So, long story short is that I'm selling the broken one. I know that a lot of these DOA cards just have bad soldiering jobs, etc. so I figured someone can make use of it, and I'll be able to recoup some of my money back. I have no idea if the blue one works, but I can include that too. If you have good forum reputation, I'll send first.


----------



## w0dash (May 10, 2015)

Price?


----------



## InfoFront (May 10, 2015)

I was thinking $30 shipped within the US, but I'd consider any reasonable offer.


----------



## jurassicplayer (May 10, 2015)

What if it isn't poor soldering ._.
Then you would be selling a $30 paperweight.


----------



## InfoFront (May 10, 2015)

Alright. Let's say $25 OBO


----------



## Nathan Drake (May 10, 2015)

We have a buy/sell/trade forum for all sales.
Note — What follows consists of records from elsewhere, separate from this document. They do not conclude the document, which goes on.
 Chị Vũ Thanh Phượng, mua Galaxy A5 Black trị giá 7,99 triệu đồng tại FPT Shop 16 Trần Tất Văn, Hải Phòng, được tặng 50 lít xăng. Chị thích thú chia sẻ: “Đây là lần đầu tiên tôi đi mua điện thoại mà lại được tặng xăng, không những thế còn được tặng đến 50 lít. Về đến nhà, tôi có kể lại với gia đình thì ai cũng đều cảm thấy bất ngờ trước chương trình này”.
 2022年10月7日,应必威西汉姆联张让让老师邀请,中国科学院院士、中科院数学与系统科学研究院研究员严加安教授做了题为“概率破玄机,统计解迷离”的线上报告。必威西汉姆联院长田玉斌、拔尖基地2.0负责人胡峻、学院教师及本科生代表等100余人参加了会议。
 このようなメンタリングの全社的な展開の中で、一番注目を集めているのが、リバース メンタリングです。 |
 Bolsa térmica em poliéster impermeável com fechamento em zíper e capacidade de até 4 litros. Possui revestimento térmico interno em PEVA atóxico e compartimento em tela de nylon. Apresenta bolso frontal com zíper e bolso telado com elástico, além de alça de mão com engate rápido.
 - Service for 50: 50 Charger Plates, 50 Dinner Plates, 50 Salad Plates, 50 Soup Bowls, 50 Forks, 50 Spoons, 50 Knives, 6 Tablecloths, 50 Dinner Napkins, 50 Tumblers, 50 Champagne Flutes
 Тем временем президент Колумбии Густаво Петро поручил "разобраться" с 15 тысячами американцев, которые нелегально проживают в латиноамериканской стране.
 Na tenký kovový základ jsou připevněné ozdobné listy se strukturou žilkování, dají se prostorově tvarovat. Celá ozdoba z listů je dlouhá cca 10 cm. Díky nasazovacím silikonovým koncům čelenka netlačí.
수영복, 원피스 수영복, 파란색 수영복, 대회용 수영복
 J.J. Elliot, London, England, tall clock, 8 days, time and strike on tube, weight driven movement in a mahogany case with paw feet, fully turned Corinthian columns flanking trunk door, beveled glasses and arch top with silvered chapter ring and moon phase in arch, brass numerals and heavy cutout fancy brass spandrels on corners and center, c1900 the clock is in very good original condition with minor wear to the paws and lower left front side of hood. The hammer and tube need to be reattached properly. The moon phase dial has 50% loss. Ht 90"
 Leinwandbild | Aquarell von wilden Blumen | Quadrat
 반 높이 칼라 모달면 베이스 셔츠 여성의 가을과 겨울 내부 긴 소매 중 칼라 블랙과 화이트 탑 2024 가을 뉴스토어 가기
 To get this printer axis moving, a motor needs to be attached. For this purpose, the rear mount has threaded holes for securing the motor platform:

You need 100 posts to see it.


----------



## Shadow#1 (May 10, 2015)

everyone needs to hit the report tab on first thread and report it so it can be deleted


----------



## DSAndi (May 10, 2015)

Why not send it back and get a working one that you can sell ? If you have a working one now, would be a better choise.


----------



## Sicklyboy (May 11, 2015)

We have a trading forum for this sort of thing, and we restrict forum sales to people with more than 100 posts. Please refrain from attempting to sell things on GBAtemp.net until you reach that point. 

http://gbatemp.net/help/terms


----------